Erzieherin isst fremde Schokolade – fristlose Kündigung

Wann darf fristlos gekündigt werden?

Sie suchen nach Ihrer Schokolade und können sie nicht finden? Ärgerlich. Umso ärgerlicher, wenn sich herausstellt, dass die Kollegin sie gegessen hat. Dieselbe, die auch die betriebliche Waschmaschine schon einmal privat benutzt hat und einen fremden Jute-Beutel zu Weihnachten verwichtelt hat.

Wie klärt man so etwas? Eine Möglichkeit wäre, dass die Kollegin sich entschuldigt, eine neue Tafel Schokolade kauft und die Angelegenheit vergessen wird. Eine andere Möglichkeit ist, dass der Arbeitgeber die Kollegin fristlos entlässt.

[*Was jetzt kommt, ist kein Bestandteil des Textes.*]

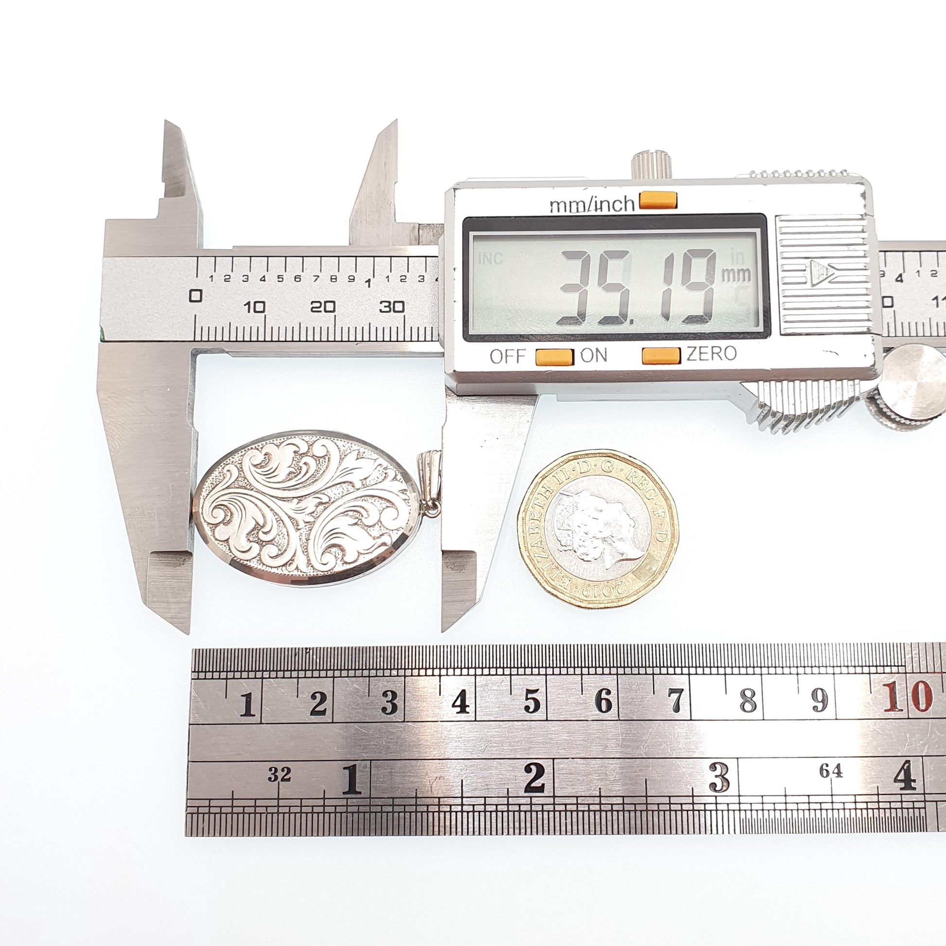 DESCRIPTION: A genuine Georg Jensen 1970s vintage sterling silver oval locket. The locket has a embossed front and plain rear. It's stamped "SILVER" and "GJ Ltd" which is Georg Jensen's makers mark. It has both metal picture retaining shims and clicks shut, there is a small gap on the side when the faces meet. The size dimensions are in the later photos and the items weighs approx. 7.37g. It has some black patina in areas as to be expected with a vintage silver item.

Wie bitte? Ja, so hat der Arbeitgeber der besagten Erzieherin entschieden. Das veranlasst uns zu einem Beitrag über das Thema Bagatellkündigung.

Die 64-jährige Heilerziehungspflegerin arbeitete 32 Jahre in einem Internat, in welchem hauptsächlich körperlich behinderte Kinder leben. Im Laufe der Zeit kam es zu den genannten Vorfällen. Zwar habe die Arbeitnehmerin die Tafel Schokolade ersetzt. Der Arbeitgeber, eine Stiftung, empfand es aber dennoch als Vertrauensbruch, dass die Mitarbeiterin fremde Schokolade aß. Auch in Anbetracht ihrer Vorbildfunktion. Es folge also die fristlose Kündigung.

Das Arbeitsverhältnis war bis dato frei von Abmahnungen und auch der Betriebsrat soll der Kündigung nicht zugestimmt haben.

Die Arbeitnehmerin klagte gegen die Kündigung vor dem Arbeitsgericht Heidelberg. Dieses sah den Fall anders als der Arbeitgeber: Die Mitarbeiterin hätte für den Vorfall lediglich eine Abmahnung erhalten sollen. Im Klartext heißt das: Die Kündigung wurde als unverhältnismäßig eingeordnet.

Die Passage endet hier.